Data for review Start Marker

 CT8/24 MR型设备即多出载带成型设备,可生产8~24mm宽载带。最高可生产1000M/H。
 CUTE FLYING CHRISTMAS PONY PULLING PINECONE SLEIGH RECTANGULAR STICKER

Data for review End Marker
Data for review Start Marker

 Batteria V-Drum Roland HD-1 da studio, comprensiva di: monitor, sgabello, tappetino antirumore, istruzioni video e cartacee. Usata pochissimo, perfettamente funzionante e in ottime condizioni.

Data for review End Marker

**Problem to work on:**
From the entries above, give again exactly the lines running from the line with "CT8/24 MR型设备即多" to the line with "CUTE FLYING CHRISTMAS"; include both of those lines.

**Answer to the problem:**
 CT8/24 MR型设备即多出载带成型设备,可生产8~24mm宽载带。最高可生产1000M/H。
 CUTE FLYING CHRISTMAS PONY PULLING PINECONE SLEIGH RECTANGULAR STICKER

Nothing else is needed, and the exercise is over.